Junta officials provided 500,000 kyats per household plus one month of food supplies and instructed the IDPs to return to their homes, saying peace and stability had been restored, said Ma Zin Mar Nwe from Hparpyo Village, who was taking shelter at the Nayan displacement camp.
“They said they would not let IDPs stay at the camps, and that all must return home. So, we did,” she told DMG.
Military officials, along with staff from the General Administration Department and Disaster Management Department, summoned IDPs to Yar Maung Hall, and told them to return home, but some refused for fear of landmine risks and the presence of junta troops near their villages.
“They told us to return home, but we can’t because they have not cleared the mines,” said an IDP from Thalu Chaung Village who is taking shelter at the Wartaung displacement camp in Minbya. “And what are we supposed to do with just 500,000 kyats? They must clear landmines if they want us to return home. And there is no guarantee that fighting will not happen again.”

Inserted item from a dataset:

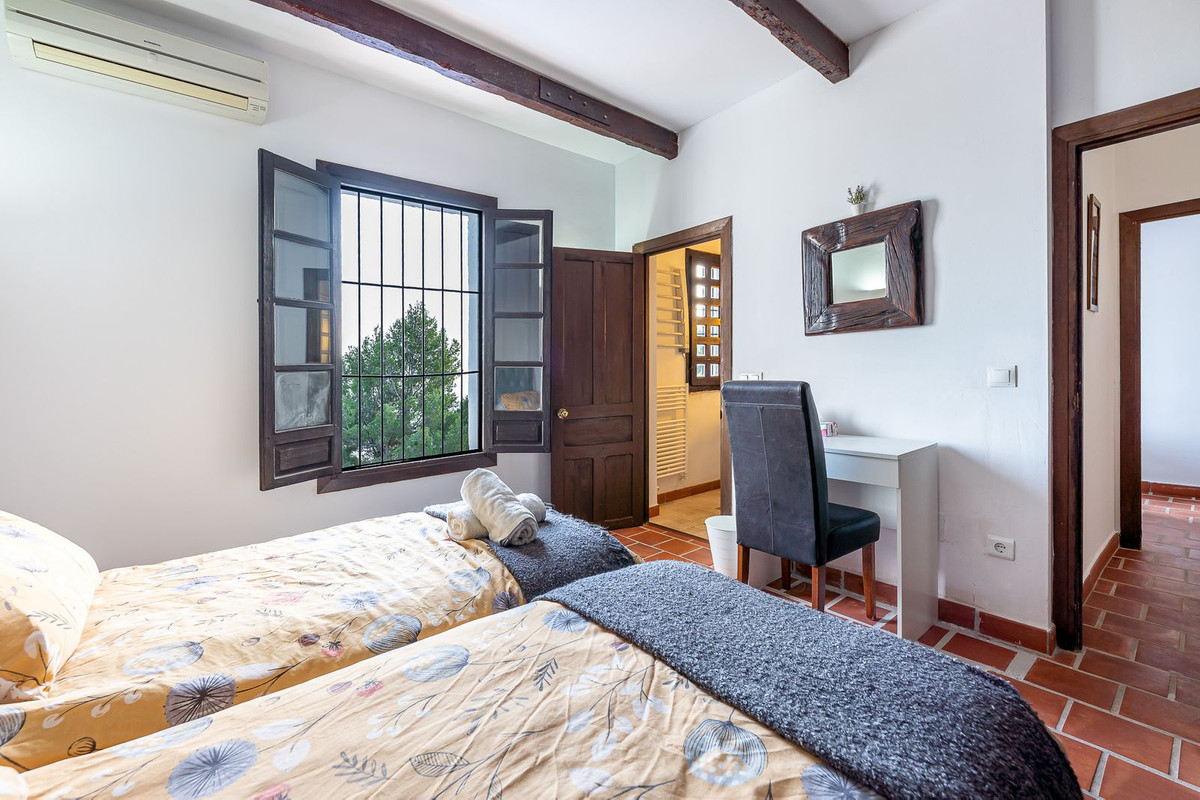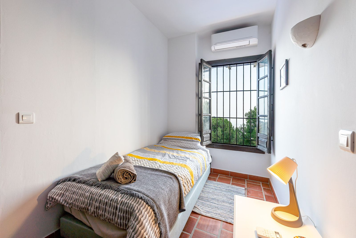 There is a private sloping driveway leads to a gated off road parking area and there is plenty of space to park additional cars on the quiet road outside. There is also a bus stop a few minutes walk away which will take you either to the beautiful white washed traditional village of MIjas Pueblo or market town of Alhaurin.

Junta-controlled newspapers reported that the Disaster Management Department also provided a relocation fee of 100,000 kyats and 17 types of consumer goods per household to 588 returning households.
Recently, junta-appointed ministers including social welfare minister Dr. Thet Thet Khaing, international cooperation minister U Ko Ko Hlaing, and Arakan State chief minister U Htein Lin visited displacement camps in Kyauktaw, Mrauk-U and Minbya townships and reportedly pressured them to return home.
The regime also forced IDPs back to Abaungthar Village in Chin State’s Paletwa Township in late December, and the returnees are having livelihood difficulties.
The total number of IDPs in Arakan State, including those who remain at displacement camps due to 2018-2020 fighting between the military and Arakan Army, stood at about 90,000 early this year, according to a January 11 report from the United Nations Office for the Coordination of Humanitarian Affairs (UNOCHA).